Of interest to those that read Norwegian: My colleague Nils Petter Gleditsch just published a PRIO blog post in response to a recent article in the Norwegian daily Aftenposten where Øivind Østerud criticizes the ‘waning-of-war’ argument promoted by Steven Pinker and several PRIO researchers. As Nils Petter notes, the debate is quite parochial, but I agree with Nils Petter that attempts to counter solid empirical research with a couple of anecdotes sometimes must be responded to…
The process of democratization is often violent in the short run, and democratic governments are more constrained in their use of force against insurgents than non-democratic authorities. But are democracies really more prone to political violence than other political systems? This is the theme of a short article published at the International Relations and Security Network (ISN) at ETH Zürich.
The Guardian just published a news item on a recent proposal from the 2013 executive committee of the International Studies Association to sever ‘any connection between blogs and ISA journals’ – full details are given in a recent blog post by Stephen Saideman.
I am member of this year’s executive committee of the ISA and also on the editorial board of an ISA journal. I here make use of my own rarely-updated blog to voice my disagreement with the proposal and demonstrate that I am happy to violate it. As noted by Kristian Gleditsch in a comment to the Guardian article, this proposal is not yet adopted policy and will be subject to debate within the organization.
New paper: Why Waves? The ‘Arab Spring’ demonstrated that political transitions tend to occur together in space and time. Samuel Huntington coined the term ‘Waves of democratization’ in his book The Third Wave. The figure above shows that changes to the proportion of the world’s countries that are democracies occurs in spurts. Confirming Huntington’s three waves […]
We just posted a set of pages detailing our armed conflict forecasting projects. The pages show that our forecasting model indicates that the world will continue to see a decline in internal armed conflict over the next few decades.
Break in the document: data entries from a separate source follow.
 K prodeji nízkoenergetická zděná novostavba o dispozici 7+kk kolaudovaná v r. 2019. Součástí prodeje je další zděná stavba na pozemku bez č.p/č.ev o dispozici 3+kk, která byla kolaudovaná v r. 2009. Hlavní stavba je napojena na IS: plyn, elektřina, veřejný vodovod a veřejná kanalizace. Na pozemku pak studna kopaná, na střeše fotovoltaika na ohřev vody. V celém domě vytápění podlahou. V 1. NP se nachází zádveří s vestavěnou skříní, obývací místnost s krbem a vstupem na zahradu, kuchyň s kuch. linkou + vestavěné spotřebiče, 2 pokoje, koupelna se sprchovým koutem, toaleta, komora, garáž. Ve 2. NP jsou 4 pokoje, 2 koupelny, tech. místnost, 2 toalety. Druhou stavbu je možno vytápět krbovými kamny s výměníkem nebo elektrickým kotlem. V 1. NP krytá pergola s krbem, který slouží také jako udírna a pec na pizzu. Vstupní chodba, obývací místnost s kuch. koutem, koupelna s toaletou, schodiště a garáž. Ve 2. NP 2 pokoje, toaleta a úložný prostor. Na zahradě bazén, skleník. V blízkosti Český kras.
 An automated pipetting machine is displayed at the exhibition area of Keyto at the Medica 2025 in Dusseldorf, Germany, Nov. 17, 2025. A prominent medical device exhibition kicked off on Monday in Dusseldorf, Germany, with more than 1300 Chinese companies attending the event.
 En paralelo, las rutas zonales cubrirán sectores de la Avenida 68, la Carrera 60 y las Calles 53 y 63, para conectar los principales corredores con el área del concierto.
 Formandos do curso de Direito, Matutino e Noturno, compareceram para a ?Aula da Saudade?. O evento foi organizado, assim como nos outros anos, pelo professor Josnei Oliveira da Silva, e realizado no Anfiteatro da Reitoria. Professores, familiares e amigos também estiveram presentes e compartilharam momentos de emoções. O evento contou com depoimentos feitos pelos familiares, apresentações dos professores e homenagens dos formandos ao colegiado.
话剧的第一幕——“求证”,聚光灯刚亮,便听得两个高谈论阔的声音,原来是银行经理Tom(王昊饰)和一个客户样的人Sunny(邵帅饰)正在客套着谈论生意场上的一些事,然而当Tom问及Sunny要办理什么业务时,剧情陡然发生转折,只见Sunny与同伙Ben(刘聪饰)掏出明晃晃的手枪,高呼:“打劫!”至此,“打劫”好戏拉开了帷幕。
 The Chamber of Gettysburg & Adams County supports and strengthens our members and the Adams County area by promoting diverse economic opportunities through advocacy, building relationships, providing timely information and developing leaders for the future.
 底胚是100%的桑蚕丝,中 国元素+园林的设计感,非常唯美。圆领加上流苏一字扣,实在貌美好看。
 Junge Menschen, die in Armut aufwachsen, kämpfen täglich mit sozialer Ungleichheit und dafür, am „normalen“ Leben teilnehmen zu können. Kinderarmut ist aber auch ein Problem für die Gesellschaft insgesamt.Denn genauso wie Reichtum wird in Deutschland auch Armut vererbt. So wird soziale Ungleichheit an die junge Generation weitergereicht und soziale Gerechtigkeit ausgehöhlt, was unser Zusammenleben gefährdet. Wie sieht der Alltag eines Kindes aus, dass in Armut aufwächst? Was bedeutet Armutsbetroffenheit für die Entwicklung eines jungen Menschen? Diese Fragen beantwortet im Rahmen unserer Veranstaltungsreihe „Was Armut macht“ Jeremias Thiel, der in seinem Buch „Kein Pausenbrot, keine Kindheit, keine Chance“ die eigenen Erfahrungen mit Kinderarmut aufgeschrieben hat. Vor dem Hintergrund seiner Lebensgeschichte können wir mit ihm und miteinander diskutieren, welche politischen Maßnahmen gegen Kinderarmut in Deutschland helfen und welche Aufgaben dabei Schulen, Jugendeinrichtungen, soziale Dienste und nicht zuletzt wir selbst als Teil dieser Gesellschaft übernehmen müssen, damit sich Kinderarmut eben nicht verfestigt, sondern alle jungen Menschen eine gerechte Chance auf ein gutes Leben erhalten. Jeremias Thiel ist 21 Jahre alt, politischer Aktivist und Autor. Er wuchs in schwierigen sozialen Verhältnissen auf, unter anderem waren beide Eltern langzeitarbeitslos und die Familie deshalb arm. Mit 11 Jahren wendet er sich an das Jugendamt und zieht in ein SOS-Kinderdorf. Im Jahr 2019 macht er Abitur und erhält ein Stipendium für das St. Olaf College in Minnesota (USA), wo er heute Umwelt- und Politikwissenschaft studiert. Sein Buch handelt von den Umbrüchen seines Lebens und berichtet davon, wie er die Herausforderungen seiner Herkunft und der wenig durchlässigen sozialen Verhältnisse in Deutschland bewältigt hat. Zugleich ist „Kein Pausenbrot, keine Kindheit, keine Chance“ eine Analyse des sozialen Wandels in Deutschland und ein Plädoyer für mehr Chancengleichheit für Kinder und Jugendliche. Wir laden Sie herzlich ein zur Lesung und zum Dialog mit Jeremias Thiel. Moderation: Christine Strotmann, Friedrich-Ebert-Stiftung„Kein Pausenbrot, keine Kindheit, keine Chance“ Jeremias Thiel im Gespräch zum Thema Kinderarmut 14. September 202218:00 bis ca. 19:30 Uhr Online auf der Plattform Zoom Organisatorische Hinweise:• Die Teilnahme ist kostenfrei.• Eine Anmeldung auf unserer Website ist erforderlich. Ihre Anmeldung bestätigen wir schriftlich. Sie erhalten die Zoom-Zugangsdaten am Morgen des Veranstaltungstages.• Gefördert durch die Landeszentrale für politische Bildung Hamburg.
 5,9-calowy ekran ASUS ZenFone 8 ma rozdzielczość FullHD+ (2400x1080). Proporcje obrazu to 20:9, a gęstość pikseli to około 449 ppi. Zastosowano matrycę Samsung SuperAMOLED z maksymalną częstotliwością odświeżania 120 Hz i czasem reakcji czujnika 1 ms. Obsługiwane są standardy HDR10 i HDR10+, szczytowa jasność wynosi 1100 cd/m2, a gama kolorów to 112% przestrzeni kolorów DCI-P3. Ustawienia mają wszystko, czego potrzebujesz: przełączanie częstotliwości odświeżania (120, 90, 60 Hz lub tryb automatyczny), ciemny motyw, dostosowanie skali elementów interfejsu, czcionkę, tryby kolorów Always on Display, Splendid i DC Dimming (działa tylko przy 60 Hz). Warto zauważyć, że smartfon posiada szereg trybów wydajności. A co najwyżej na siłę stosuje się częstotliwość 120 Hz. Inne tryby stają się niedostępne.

We present in detail the forecasts developed for an academic article published in International Studies Quarterly this year. You may take a closer look at what we predict for regions and even individual countries. The pages also explain in detail our methodology and summarize what explains these optimistic forecasts. You will also find a presentation of the research team as well as links to other projects that seek to forecast political events like armed conflict, genocides, or state failure. Read more »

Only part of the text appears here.